A particle receiver is an object placed on the top of a solar tower on which surface solar energy is concentrated by means of a solar field composed of large number of mirrors, called heliostats. The goal is to transform solar energy into thermal energy that can be used in a heat process, thermochemical process, or in a heat engine to produce electricity in a solar tower power plant. To accomplish this, it is necessary to introduce certain material, called heat transfer medium, to the receiver that is then heated up, either directly or indirectly, by the concentrated solar energy before leaving the receiver at a higher temperature. Unlike receivers used in conventional concentrated solar power (CSP), power plants which employ molten salts as a heat transfer medium that is heated indirectly by flowing through the metal tubes that are exposed to the concentrated solar energy, particle receivers adopt solid particles which then can be heated either directly or indirectly, depending on the technology considered.

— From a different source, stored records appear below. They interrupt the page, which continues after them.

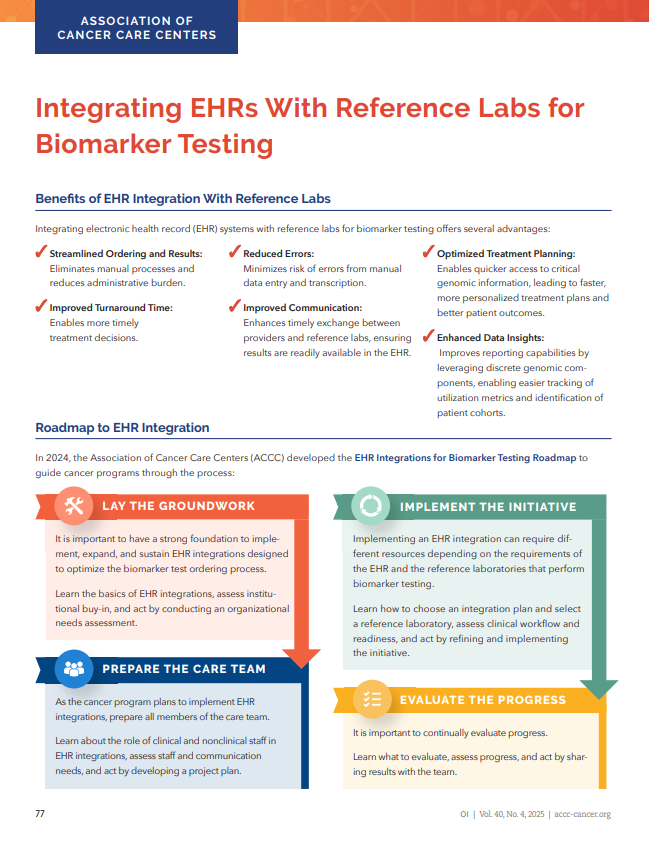 In 2024, the Association of Cancer Care Centers (ACCC) developed the EHR Integrations for Biomarker Testing Roadmap to guide cancer programs through the process: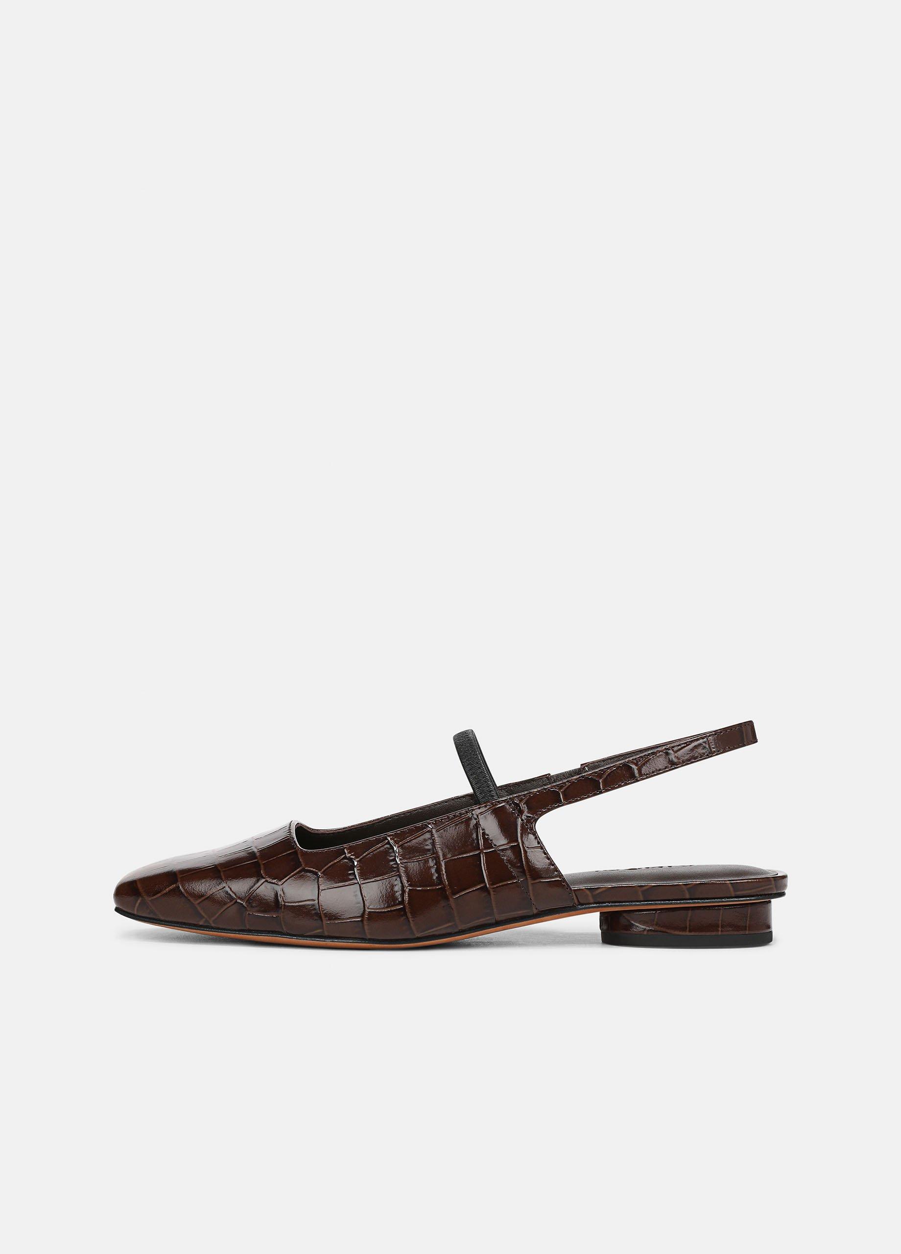Our best-selling Venice flat is reimagined for the season in textural croc-embossed leather. Set on a low, walkable heel, it’s finished with elasticized details to hug the foot just right.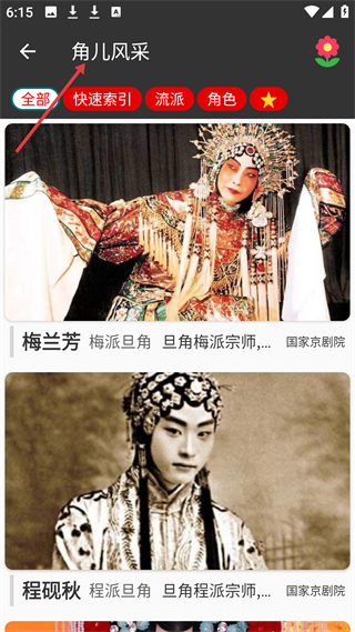 2、角兒風采頁,展示梅蘭芳、程硯秋等京劇名家,可按流派、角色篩選,呈現大師藝術形象與流派特色。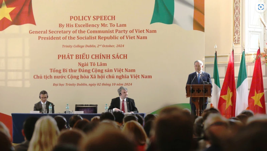 Trong khuôn khổ chuyến thăm cấp Nhà nước tới Ireland, chiều 2/10 (giờ địa phương), Tổng Bí thư, Chủ tịch nước Tô Lâm tới thăm và phát biểu chính sách tại Trường đại học Trinity Dublin. Báo Nhân Dân trân trọng giới thiệu toàn văn bài phát biểu của Tổng Bí thư, Chủ tịch nước.

One of the main advantages of adopting particles as a heat transfer medium is the possibility of direct heating, where particles are exposed directly to the incoming solar radiation, thus avoiding issues related to non-uniform heating of receiver tubes. Also, the possibility to reach temperatures above 1000 °C allows for the adoption of Brayton cycle with supercritical CO_{2} as the working fluid which can achieve higher thermal efficiency compared to the steam Rankine cycle which is used in the conventional CSP power plants that have a maximum temperature limit of 565 °C due to issues related with the thermal stability of the molten salts.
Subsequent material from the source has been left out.